TASK ITEM: Pictures stay out of the copy. Retype exactly, and only, the lines from the one containing "Produktbeskrivning StarTech.com 7.1" through the end of the listing below.

Content starts

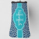 Stylish, trendy dark blue and white dot pattern in the background, topped with a bright teal blue label featuring a customisable name and monogram template.
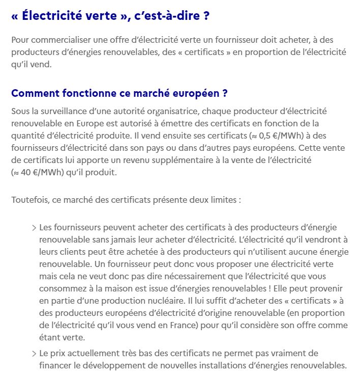 Si vous préférez toutefois une offre “100% verte” pour encourager les énergies renouvelables, comme toujours, il y a vert et vert.
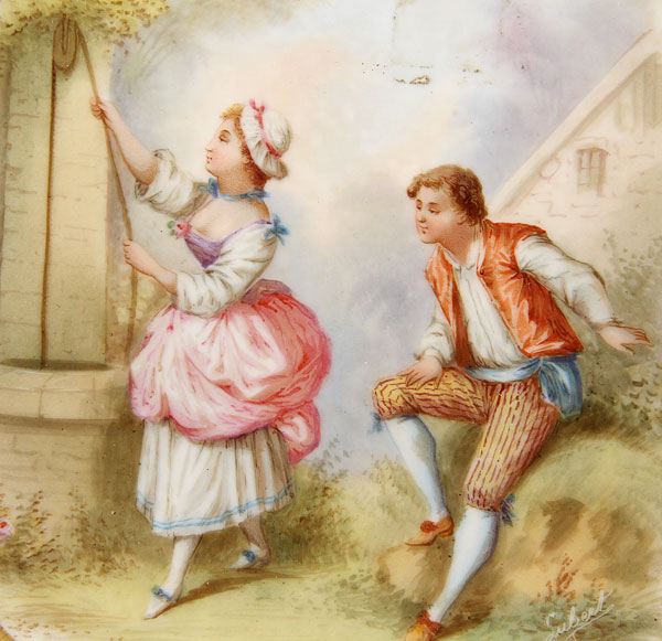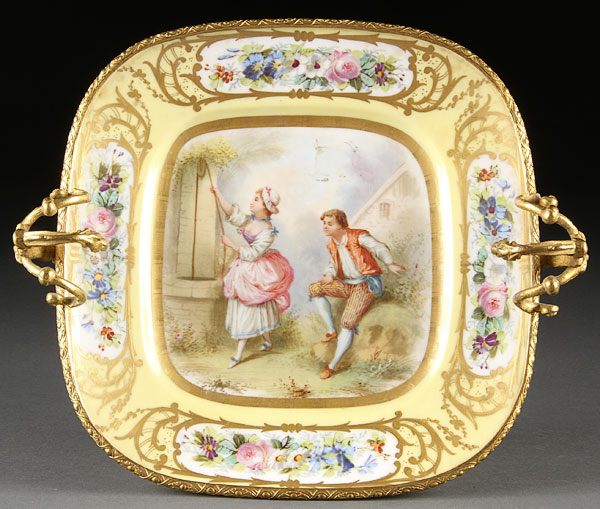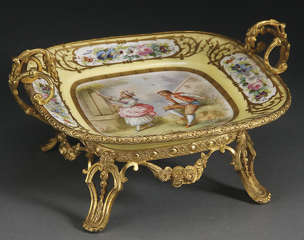 A SEVRES STYLE AND GILT BRONZE CENTER BOWL, LATE 19TH CENTURY. The hand painted scene of a romantic couple artist signed "Lubert" on a lemon yellow ground with floral cartouches, raised on a gilt bronze stand with foliate scrolled handles. Sevres style blue enameled mark. Length 10.5 inches (27 cm).
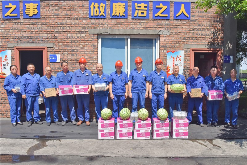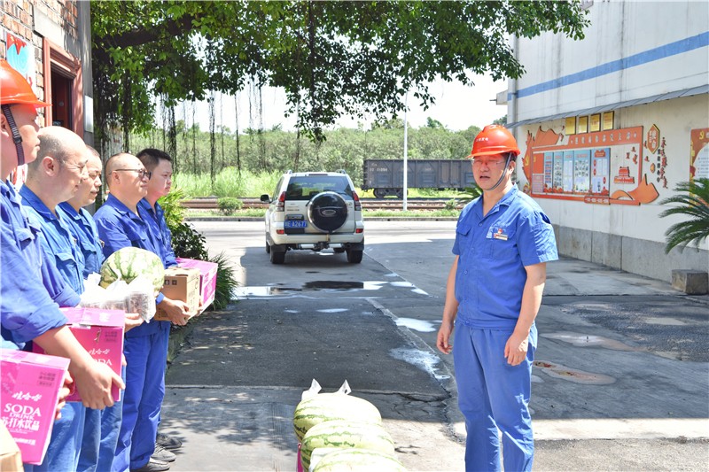 近日來(lái),瀘州地區(qū)持續(xù)高溫天氣,8月9日、10日連續(xù)兩天最高氣溫均超過(guò)了35℃。為持續(xù)做好現(xiàn)場(chǎng)員工防暑降溫工作,8月10日下午14時(shí)30分,公司黨委書記、董事長(zhǎng)劉勝金帶隊(duì)到生產(chǎn)現(xiàn)場(chǎng)開展“送清涼”慰問(wèn)活動(dòng)。
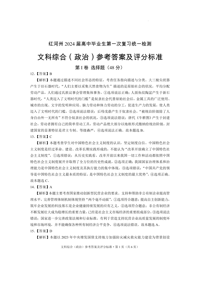 云南省红河州2024届高中毕业生第一次复习统一检测文综政治答案
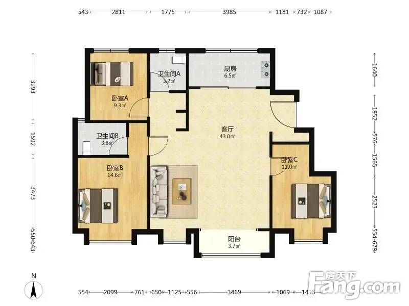 户型齐全,主打南北通透,全明格局三居
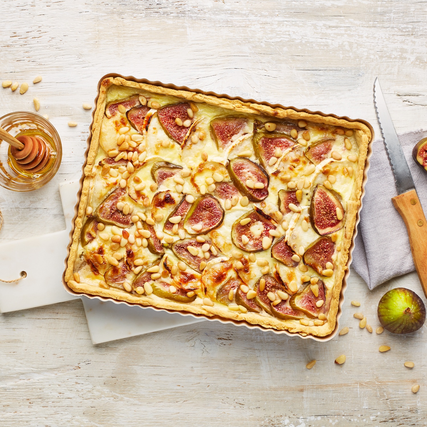 - Die Feigen-Tarte mit Ziegenkäse im vorgeheizten Ofen bei 220 °C Ober- und Unterhitze (200 °C Umluft) 25-30 Minuten backen. In den letzten 10 Minuten der Backzeit die Pinienkerne aufstreuen und mitbacken.
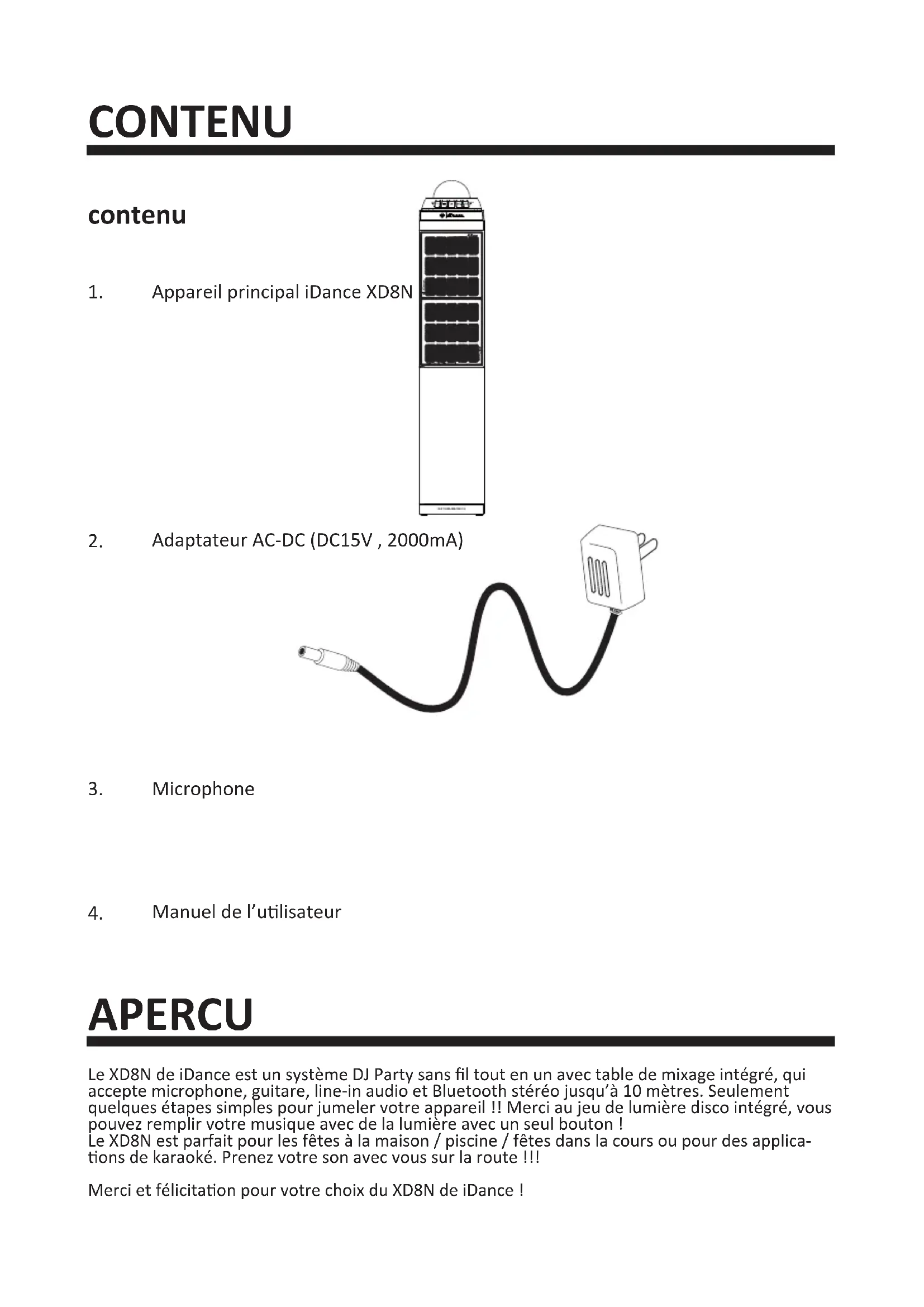 Merci et félicitation pour votrechoix du XD8N de iDance!
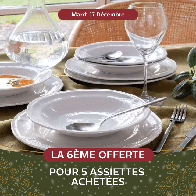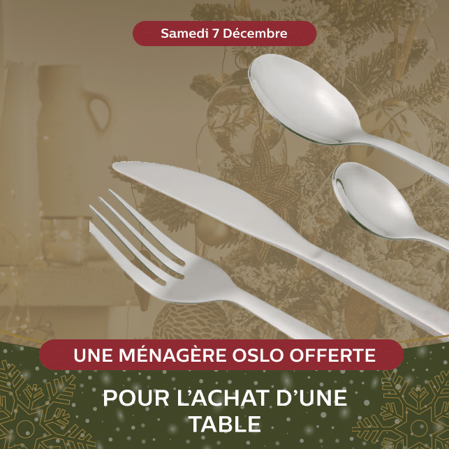 *Offre valable pour l'achat d'une table d'une valeur minimum de 400€. Ménagère OSLO 24 pièces en inox brillant (réf 27869307) d'une valeur de 30€.
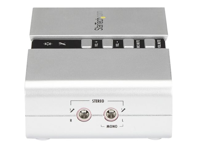 Produktbeskrivning StarTech.com 7.1 USB-audio-adapter externt ljudkort med SPDIF digital audio - ljudkort - USB 2.0 Typ av enhet Ljudkort Modell Extern Typ av gränssnitt USB 2.0 Dimensioner (BxDxH) 10 cm x 6 cm x 2.5 cm Vikt 100 g Färg Silver Ljudutgångsläge 7.1-kanals surround Samplingsfrekvens 48 kHz (max) Maskinvarostyrenheter och indikatorer Volymkontroll, dämpningsknapp Systemkrav Microsoft Windows 2000 Server, Microsoft Windows Vista (32/64 bits), Microsoft Windows 7 (32/64 bits), Microsoft Windows XP (32/64 bits), Microsoft Windows Server 2003 (32/64-bits), Windows 8 (32/64 bitars), Microsoft Windows Server 2008 R2 (32/64-bitars), Windows 8.1 (32/64 bitars), Windows 10 (32/64 bits) Tillverkarens garanti 2 års garanti Designat för P/N: MU15MMS, MU6MMS -
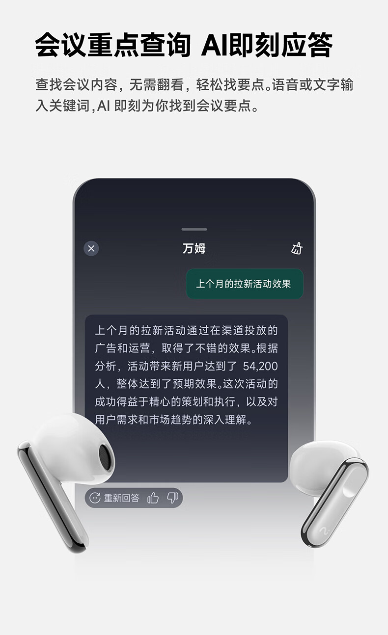3、AI即刻应答:查找会议内容,无需翻看,轻松找要点。语音或文字输入关键词,AI即刻为你找到会议要点。
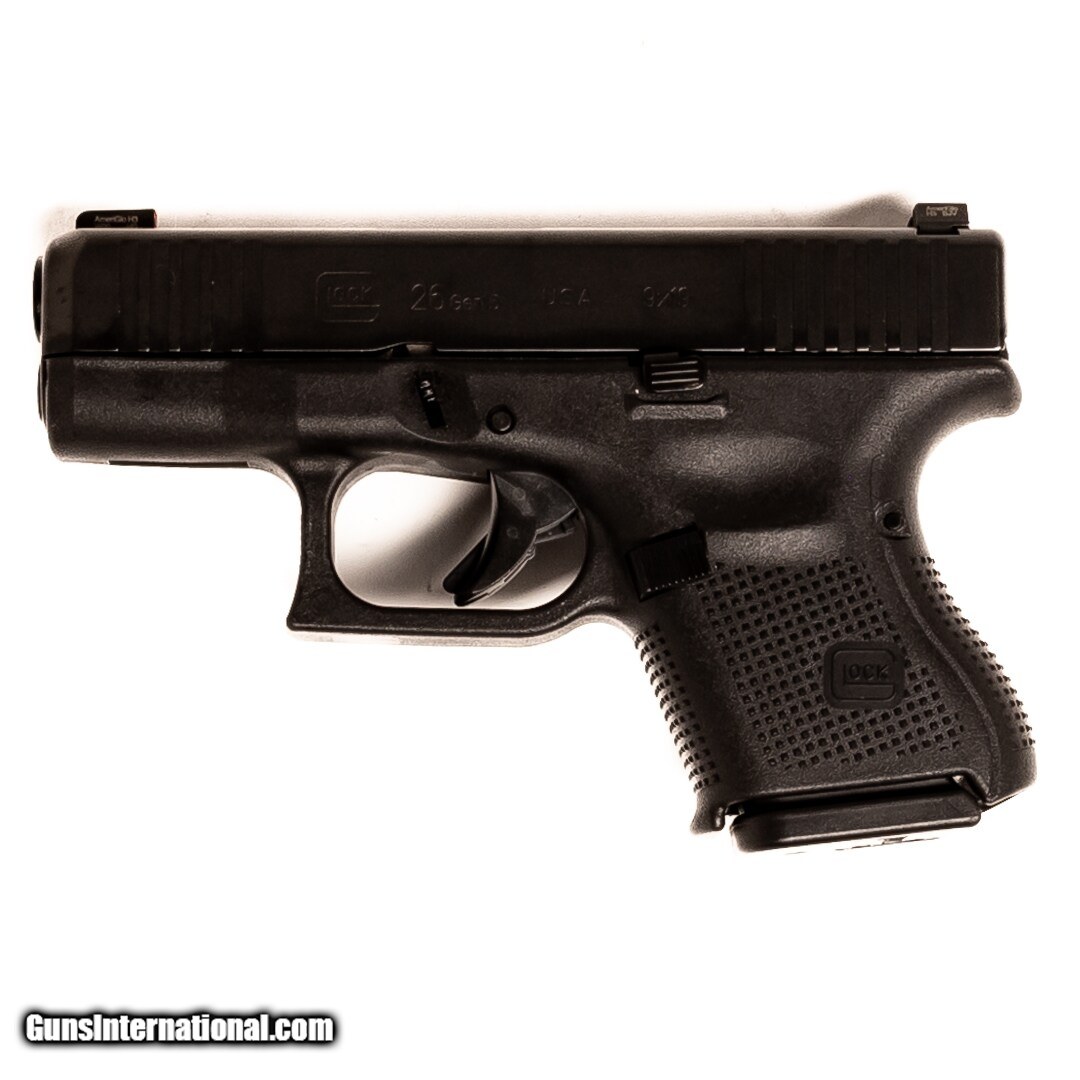 Description: Guns Listing ID: 807964 Also known as the \"Baby Glock,\" the Glock 26 is a sub-compact, semi-automatic handgun that‚‚s highly accurate and dependable. It has remained one of the most popular carry options since its initial introduction. In addition to offering Glock‚‚s signature polymer frame, features include a stippled grip, flared magwell, and ambidextrous slide stop levers. This G26 Gen 5 includes the original case, manual, four 10-round magazines, one 12-round magazine, backstraps, and a loader. Get the best bang for your buck when you get a Certified Used Firearm . When you see the Certified Used stamp on any of our firearms, you can be confident that you’re getting exactly what you want – a gun only in very good to excellent condition and held to the highest quality standard. All Certified Used Guns come with a ‘no questions asked’ return policy . PLUS, ALL CERTIFIED USED GUNS SHIP FRE SOLD Manufacturer: GLOCK Model: 26 GEN5 Caliber Info: 9MM LUGER (9X19 PARA) Condition: Used - Certified Barrels: 3.4 BARREL Finish: BLACK |

Content ends

RESPONSE:
 Produktbeskrivning StarTech.com 7.1 USB-audio-adapter externt ljudkort med SPDIF digital audio - ljudkort - USB 2.0 Typ av enhet Ljudkort Modell Extern Typ av gränssnitt USB 2.0 Dimensioner (BxDxH) 10 cm x 6 cm x 2.5 cm Vikt 100 g Färg Silver Ljudutgångsläge 7.1-kanals surround Samplingsfrekvens 48 kHz (max) Maskinvarostyrenheter och indikatorer Volymkontroll, dämpningsknapp Systemkrav Microsoft Windows 2000 Server, Microsoft Windows Vista (32/64 bits), Microsoft Windows 7 (32/64 bits), Microsoft Windows XP (32/64 bits), Microsoft Windows Server 2003 (32/64-bits), Windows 8 (32/64 bitars), Microsoft Windows Server 2008 R2 (32/64-bitars), Windows 8.1 (32/64 bitars), Windows 10 (32/64 bits) Tillverkarens garanti 2 års garanti Designat för P/N: MU15MMS, MU6MMS -
3、AI即刻应答:查找会议内容,无需翻看,轻松找要点。语音或文字输入关键词,AI即刻为你找到会议要点。
 Description: Guns Listing ID: 807964 Also known as the \"Baby Glock,\" the Glock 26 is a sub-compact, semi-automatic handgun that‚‚s highly accurate and dependable. It has remained one of the most popular carry options since its initial introduction. In addition to offering Glock‚‚s signature polymer frame, features include a stippled grip, flared magwell, and ambidextrous slide stop levers. This G26 Gen 5 includes the original case, manual, four 10-round magazines, one 12-round magazine, backstraps, and a loader. Get the best bang for your buck when you get a Certified Used Firearm . When you see the Certified Used stamp on any of our firearms, you can be confident that you’re getting exactly what you want – a gun only in very good to excellent condition and held to the highest quality standard. All Certified Used Guns come with a ‘no questions asked’ return policy . PLUS, ALL CERTIFIED USED GUNS SHIP FRE SOLD Manufacturer: GLOCK Model: 26 GEN5 Caliber Info: 9MM LUGER (9X19 PARA) Condition: Used - Certified Barrels: 3.4 BARREL Finish: BLACK |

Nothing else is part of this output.